In photography a pretty common term is “rule of thirds”. But another compositional photography term is “rule of odds: Here is the definition of the “rule of odds”. I try to use it as much as possible but it is hard with moving birds. It takes time, patience and luck. Also important is the “rule of odds” also can be applied to groups of odd numbers as in a 3 different groups of birds or whatever. Be careful with the odds, I find 3 objects works well, anything else gets lost.
Try to be objective about your photos. At first glance I liked the above photo but the more I looked the more flaws I saw. I saw the blurred foot especially. The blur drew my eye to the wrong spot. The twig in front of the Black-crowned Night-Heron was a distraction too. Trying to rationalize will only make it worst. It was a good try under difficult conditions to even get this particular shot. But it is not a wall hanger. Delete it and move on. Time will erase your feelings for this photo.
The original interesting photo looked like this:
Sometimes just changing the photo slightly can make a difference. I do it often particularly with bird head shots.

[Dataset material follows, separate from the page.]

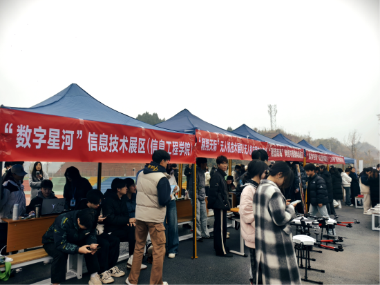 双选会会场外,学校专门设立了二级学院技术展示区。无人机应用、网络直播模拟、交通建筑模型等体现各学院专业特色的技术成果,在现场向用人单位进行了集中展示。
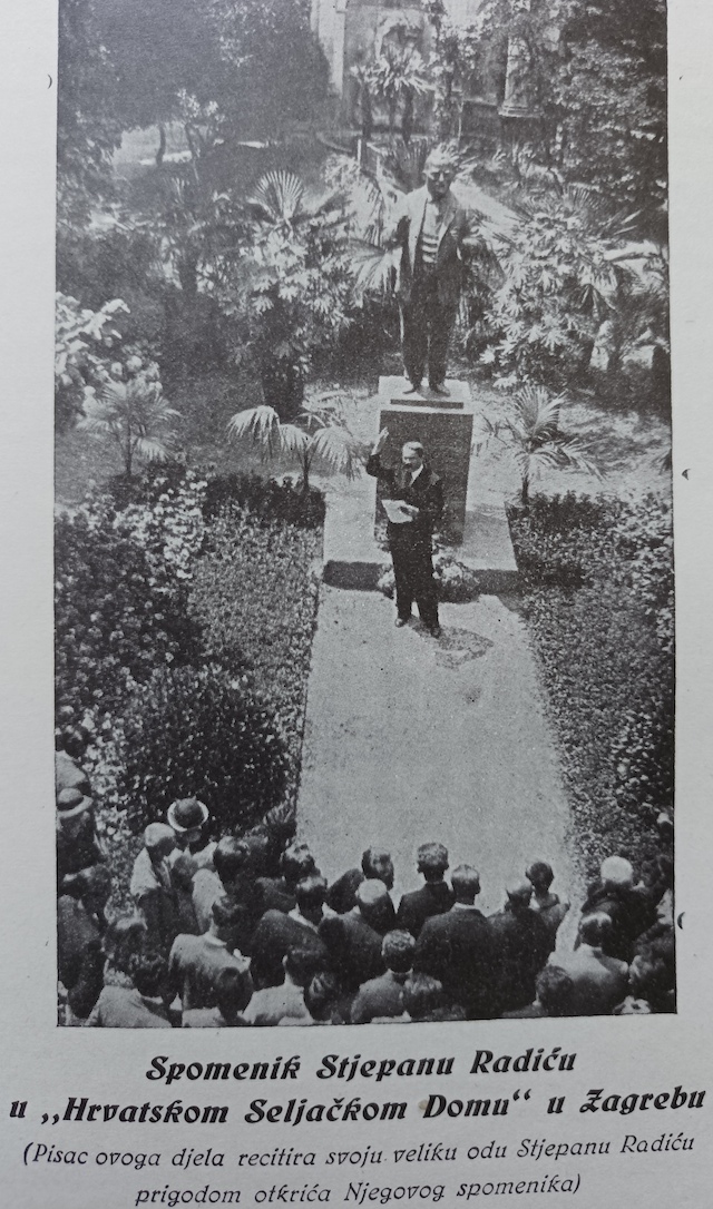 Govor Ive Šarinića 1928., pred spomenikom koji je izradila Mila Wod, istaknuta hrvatska kiparica.

The number one element in obtaining a merit photo (80 or above in most cases) is impact. There are exceptions, BUT, don’t lose sight of impact. Usually a good impactful photo tells a story. Judges / people should not have to wonder what the photographer is trying to say through the photo.
Sometimes I get “brain freeze” and just can’t seem to have an idea what I want to photograph. Here is an example of what I found on my patio. A honeybee busy at work. Opportunities are all around if you are patient. Sometimes I just sit and wait for a gift to come along.
There are good photos, very good photos and then exceptional photos. What they all have in common besides good composition is the Wow Factors- Impact and the ability to convey a compelling story. If a photo does not need a title to tell the story then your really on the right track. The title is just the icing on the cake. Here are some examples:
Often when shooting macro or really close-up, I could use something to hold a leaf, branch, flashlight, light diffuser or just something to gently push something else to the side. I like to use what is called a Plamp II. The official name is a Wimberley Plamp II. Here are a few photos of the Plamp II in action and CLICK HERE for a You Tube video link that will give you more information and ideas:
In this series of photos, I used the Plamp II by attaching it to a chair and the stem of milky weed. It helps too when the wind is blowing and you attach the Plamp to the stem of a flower to give it more sturdiness. Also, as I said before, you can use the Plamp just to move other vegetation to the side and out of the way of the shot without damaging any plants or living things. The video gave me the idea of using a small flash light which can come in handy too.
The world is full of unusual situations. This includes the world of nature. People ask me how do you do it. My answer is patience, anticipation and luck. I also say that being in the right place at the right time is a factor, but, that could be considered luck too. To make your photos interesting wait for interesting things to happen. Try to place yourself in the right circumstance or place to increase your chance of a good opportunity. A bird on a branch is ok, but a bird on a branch with an insect is better, a bird on a branch with an insect feeding a baby is even better. I think you get the idea.
Right from the start of my photographer adventure, it was pounded into my head that IMPACT, FOCUS, AND STORY TELLING are key ingredients to a good photo. I would add COLOR OR NO COLOR (black and white) HELPS TOO. Here are some photos that get the point across.
Riding the Crest
Good Action and certainly tells the story. Surfers are magnificent athletes. A good site to use concerning surfing conditions is: www. surfline.com
Tells the Story and has impact. This Osprey flew with this long piece of moss like material and landed not too far away from me. I was ready with my 500mm.
Story and Impact- Sea Otters are really fun to watch. They have really strong teeth. They seem to always be playing.
Munch Munch Munch
Story, Impact, Focus and Color- This is a Monarch larvae. I read that the Monarch butterfly will be extinct in 20 years.
Follow the Sun
In past blogs, I mentioned look behind you. I was walking with my back to this sunset because the tide was rising fast and I did not want to get caught without an exit. Every 100 feet or so I would turn around and shoot, turn around and shoot. This was one of the many shots I got. I used a tripod and slowed the shutter down along with a Variable Neutral Density Filter. Simple but tells the story, has impact and is colorful.
A bird with something in it’s mouth, or singing the blues is more interesting than a tight billed bird. I understand that sometimes there is an outstanding shot of a bird with nothing in its mouth and it is not singing. But, in general try to get that type of action. Fighting or using its claws is fair game too. Note too that all four photos tell a story. The Belted Kingfisher with the minnow in its mouth was a lucky high percentage shot. Kingfishers are one of the toughest birds to photograph. They are fast, elusive and don’t like a lot of people around. The settings using a 5oomm canon lens with a 1.4x extender was: f/9.5, iso 800, 1/2000.
Nice shot of the Spotted Towhee but compared to the other “action” shots it is out of the competition.